Everyone is "naturally inclined toward Islam before birth."
Oh really?

It all makes about as much sense as other religions' claims. One certainly can't argue about religion's ability to construct awe-inspiring buildings though.

This place definitely warrants multiple visits. B,est part of the Blue Mosque? Free entry.

Monday, May 2, 2011

Sight Seeing! The Basilica Cistern


The Basilica Cistern, otherwise known as the Yerebatan Sarnıcı or Sunken Cistern - was number one on my list of tourist sights. I like the idea of cisterns, mostly because I recall playing Tomb Raider and swimming through underwater tunnels and climbing over pillars and jumping into bright clear water lit by crumbing overhead domes.

It wasn't quite like that, believe it or not. The entrance was an unimpressive block with a ticket window and staircase inside. It's an underwater reservoir though, so I don't know what I was expecting. It was built and fed by aqueducts more than 1500 years ago to keep fresh water against any possible siege of the city.

James Bond rowed through the place in From Russia With Love, before there were walkways built through it. I was a little let down with the crowds of people chattering among the dimly lit marble columns perspiring with water that dripped from the brick ceilings. And with the trade show style tables set up at the base of the stairs to advertise other tourist destinations. And with the lovely photos placed here and there among the walkways. I mean, sure they were great water-themed photos of some beautiful place in Turkey with blue skies and bright sun and sunken ruins, but when did an ancient cistern become an art gallery? The final touch of tack was the "Cistern Cafe" at the end of the walkway, signed in diner-esque neon.

But I liked it! Sure, the water was only a foot deep or so, ruining my fantasies of swimming through underwater passageways, but it was still calming and peaceful despite the chatter.
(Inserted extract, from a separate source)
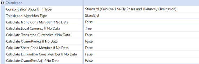 Standard (Calc-on-the-fly Share and Hierarchy Elimination): Standard (Calc-On-The-Fly Share and Hierarchy Elimination) is the most used Consolidation Algorithm Type. This Cube setting calculates an Entity’s Share amount dynamically (the value does not get stored in the application database Data Record tables). Share is a Consolidation Dimension Member defined for a specific Parent/Child relationship and is calculated as an Entity’s (translated balances + owner pre-adj journals * percent consolidation). Eliminations under Standard are calculated using OneStream’s built-in algorithms.

They could've chose some classier lighting than orange and red tungsten, but the hundreds of columns in precise rows created a feeling of depth and distance beyond the actual size of the place, which is pretty big anyway.



Where there was enough light, you could watch ripples spread out in perfect circles as the ceilings dripped perspiration, and lazy fish floated here and there. There are mysterious blocks with Medusa's head carved into them at the base of two columns, and I was hit with fat drops of water a couple times, forcing me to clean off my glasses and camera with my t-shirt.

Something else that was particularly impressive was that when I exited up a different set of stairs, I realized I was halfway down the block, and all the buildings and roads and traffic are driving on top of the cistern. I would've liked to have seen the place with less people, and I even went on a Monday, but who am I to complain? I'm a bloody tourist too.

A Big Commie Protestival


After almost three weeks in Istanbul, I've finally got out and saw some of the sights. The first sight was a lot of people.

May Day is apparently a day of protests and communist folk songs. Only the second year since people were allowed to protest in Taksim Square, the place was packed with thousands of commies out of the hundreds of thousands of people present. There were other people protesting too, it was sort of like a protest festival - or protestival - but communists are the most interesting.

I could hear the music from my apartment, which is really close to the square. I headed out with two of my flatmates and one's girlfriend and father.

Roads were barricaded and filled with people rather than cars for a change, people were wearing red, there were banners of Turkish communist martyrs, and even portraits of Chairman Mao on some of the banners. One dude had a Che Guavara t-shirt on.

That's my flatmate's dad in the picture. Apparently my flatmate's parents are still in the communist party and Dad there was really amped to get out and do some protesting.

The highlight of the May Day festivities, after the labyrinthine detour through crumbling side streets just to get into the entrance, was watching people rock out to protest songs from the 70s and 80s that occasionally sounded like Irish folk tunes with some trilling, and later, I ate a really good sandwich of little spiced meat patties and veggies for $2.

I followed up this mind-broadening day out by my first real day of touristy sightseeing. Coming soon.